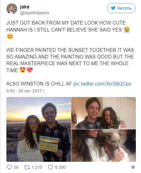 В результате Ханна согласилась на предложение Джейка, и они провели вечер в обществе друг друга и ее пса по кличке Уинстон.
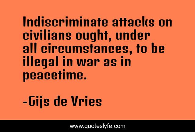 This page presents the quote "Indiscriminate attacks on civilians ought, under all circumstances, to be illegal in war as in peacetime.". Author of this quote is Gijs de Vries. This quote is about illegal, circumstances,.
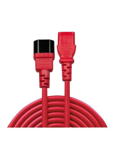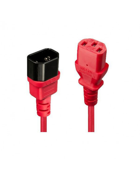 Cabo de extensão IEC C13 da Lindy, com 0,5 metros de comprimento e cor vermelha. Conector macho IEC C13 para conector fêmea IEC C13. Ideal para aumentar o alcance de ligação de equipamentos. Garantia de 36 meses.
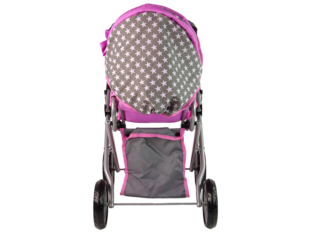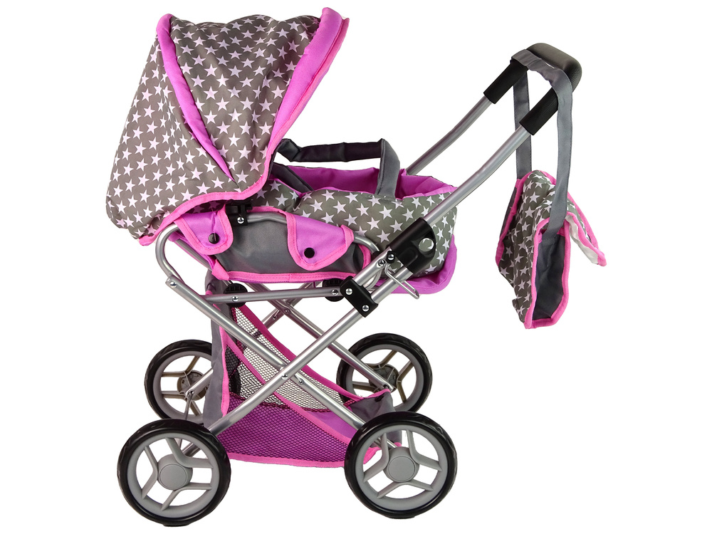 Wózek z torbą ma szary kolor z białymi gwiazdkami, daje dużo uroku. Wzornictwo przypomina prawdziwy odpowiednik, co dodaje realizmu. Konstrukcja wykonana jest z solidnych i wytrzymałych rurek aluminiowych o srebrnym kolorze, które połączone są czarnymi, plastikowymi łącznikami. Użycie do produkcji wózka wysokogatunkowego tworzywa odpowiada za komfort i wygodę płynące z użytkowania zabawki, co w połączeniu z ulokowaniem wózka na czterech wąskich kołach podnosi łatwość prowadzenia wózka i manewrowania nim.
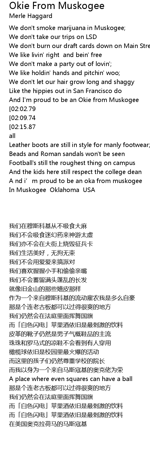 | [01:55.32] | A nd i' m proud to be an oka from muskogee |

+ + + +

Task objective —
Leaving the pictures out, copy exactly the lines from the line that contains "This page presents" to the last line of the data, both ends included.

Response —
 This page presents the quote "Indiscriminate attacks on civilians ought, under all circumstances, to be illegal in war as in peacetime.". Author of this quote is Gijs de Vries. This quote is about illegal, circumstances,.
 Cabo de extensão IEC C13 da Lindy, com 0,5 metros de comprimento e cor vermelha. Conector macho IEC C13 para conector fêmea IEC C13. Ideal para aumentar o alcance de ligação de equipamentos. Garantia de 36 meses.
 Wózek z torbą ma szary kolor z białymi gwiazdkami, daje dużo uroku. Wzornictwo przypomina prawdziwy odpowiednik, co dodaje realizmu. Konstrukcja wykonana jest z solidnych i wytrzymałych rurek aluminiowych o srebrnym kolorze, które połączone są czarnymi, plastikowymi łącznikami. Użycie do produkcji wózka wysokogatunkowego tworzywa odpowiada za komfort i wygodę płynące z użytkowania zabawki, co w połączeniu z ulokowaniem wózka na czterech wąskich kołach podnosi łatwość prowadzenia wózka i manewrowania nim.
 | [01:55.32] | A nd i' m proud to be an oka from muskogee |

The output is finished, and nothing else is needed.